### ACTIVITY
Every record below should be transcribed exactly. Omit the images.

### SOURCE MATERIAL
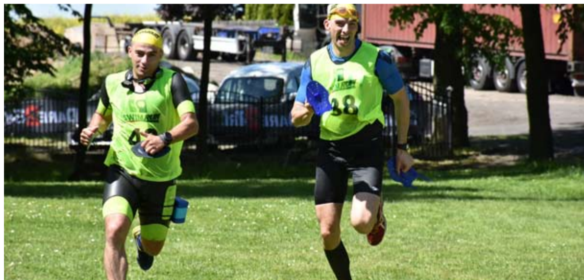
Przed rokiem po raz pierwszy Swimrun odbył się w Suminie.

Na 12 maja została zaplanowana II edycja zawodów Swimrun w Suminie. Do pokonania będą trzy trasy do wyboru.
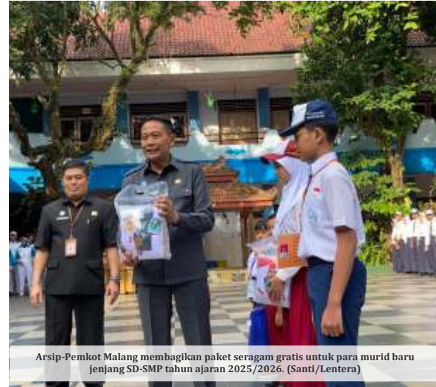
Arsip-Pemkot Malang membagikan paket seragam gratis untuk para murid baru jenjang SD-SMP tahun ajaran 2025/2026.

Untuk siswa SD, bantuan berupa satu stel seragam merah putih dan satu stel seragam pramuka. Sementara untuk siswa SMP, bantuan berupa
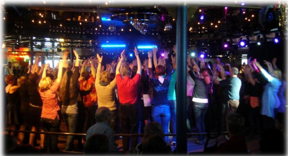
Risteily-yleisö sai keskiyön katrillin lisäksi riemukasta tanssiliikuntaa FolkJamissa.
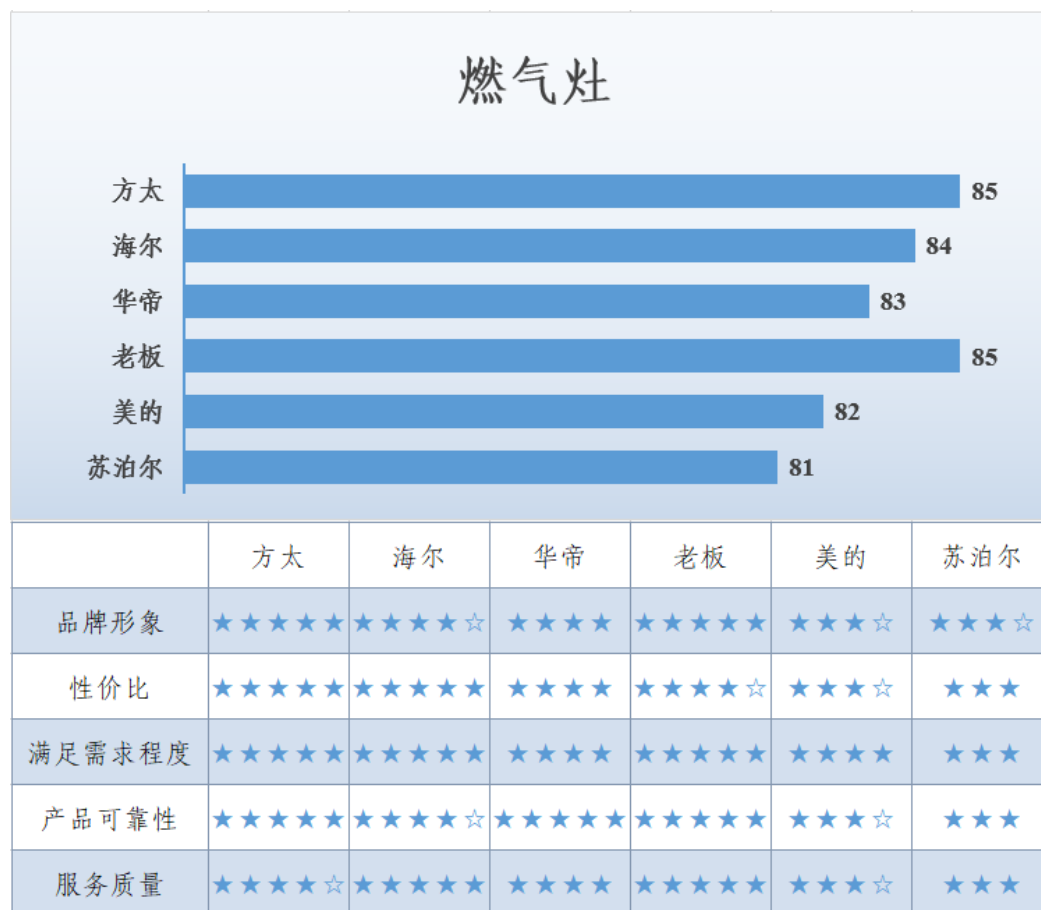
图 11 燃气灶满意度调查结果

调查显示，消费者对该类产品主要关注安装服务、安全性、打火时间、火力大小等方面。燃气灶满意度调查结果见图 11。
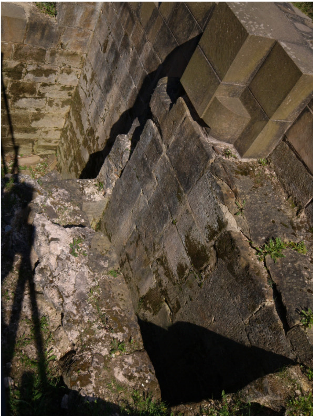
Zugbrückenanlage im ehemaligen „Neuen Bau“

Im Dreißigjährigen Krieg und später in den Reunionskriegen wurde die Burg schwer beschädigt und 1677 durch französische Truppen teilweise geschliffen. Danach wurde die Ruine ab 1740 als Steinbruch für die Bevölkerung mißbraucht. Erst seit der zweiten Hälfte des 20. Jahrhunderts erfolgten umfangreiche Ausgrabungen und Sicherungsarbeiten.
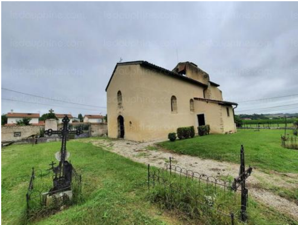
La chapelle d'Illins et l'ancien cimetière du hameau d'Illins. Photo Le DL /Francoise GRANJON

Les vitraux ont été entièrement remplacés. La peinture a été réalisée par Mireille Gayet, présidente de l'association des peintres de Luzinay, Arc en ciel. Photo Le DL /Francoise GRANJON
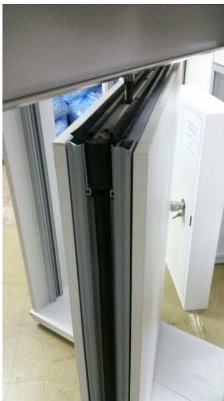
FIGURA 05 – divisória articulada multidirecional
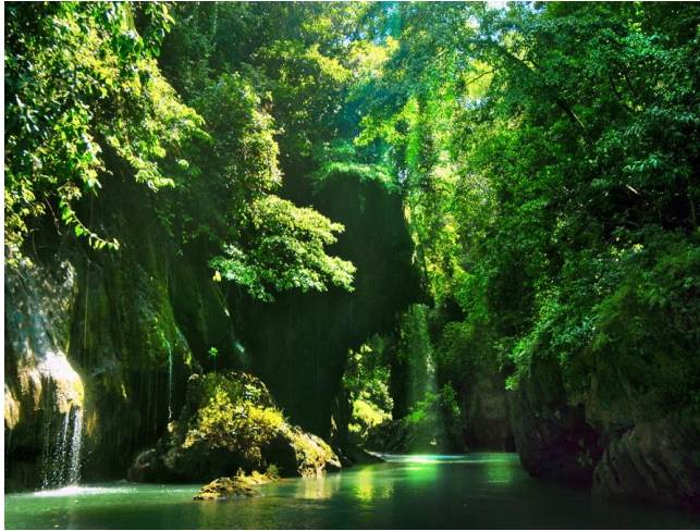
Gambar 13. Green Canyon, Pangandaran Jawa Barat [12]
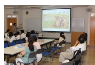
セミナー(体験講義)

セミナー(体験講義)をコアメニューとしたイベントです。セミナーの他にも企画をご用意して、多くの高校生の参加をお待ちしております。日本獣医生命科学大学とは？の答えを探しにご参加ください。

### WRITTEN RESPONSE
Przed rokiem po raz pierwszy Swimrun odbył się w Suminie.

Na 12 maja została zaplanowana II edycja zawodów Swimrun w Suminie. Do pokonania będą trzy trasy do wyboru.
Arsip-Pemkot Malang membagikan paket seragam gratis untuk para murid baru jenjang SD-SMP tahun ajaran 2025/2026.

Untuk siswa SD, bantuan berupa satu stel seragam merah putih dan satu stel seragam pramuka. Sementara untuk siswa SMP, bantuan berupa
Risteily-yleisö sai keskiyön katrillin lisäksi riemukasta tanssiliikuntaa FolkJamissa.
图 11 燃气灶满意度调查结果

调查显示，消费者对该类产品主要关注安装服务、安全性、打火时间、火力大小等方面。燃气灶满意度调查结果见图 11。
Zugbrückenanlage im ehemaligen „Neuen Bau“

Im Dreißigjährigen Krieg und später in den Reunionskriegen wurde die Burg schwer beschädigt und 1677 durch französische Truppen teilweise geschliffen. Danach wurde die Ruine ab 1740 als Steinbruch für die Bevölkerung mißbraucht. Erst seit der zweiten Hälfte des 20. Jahrhunderts erfolgten umfangreiche Ausgrabungen und Sicherungsarbeiten.
La chapelle d'Illins et l'ancien cimetière du hameau d'Illins. Photo Le DL /Francoise GRANJON

Les vitraux ont été entièrement remplacés. La peinture a été réalisée par Mireille Gayet, présidente de l'association des peintres de Luzinay, Arc en ciel. Photo Le DL /Francoise GRANJON
FIGURA 05 – divisória articulada multidirecional
Gambar 13. Green Canyon, Pangandaran Jawa Barat [12]
セミナー(体験講義)

セミナー(体験講義)をコアメニューとしたイベントです。セミナーの他にも企画をご用意して、多くの高校生の参加をお待ちしております。日本獣医生命科学大学とは？の答えを探しにご参加ください。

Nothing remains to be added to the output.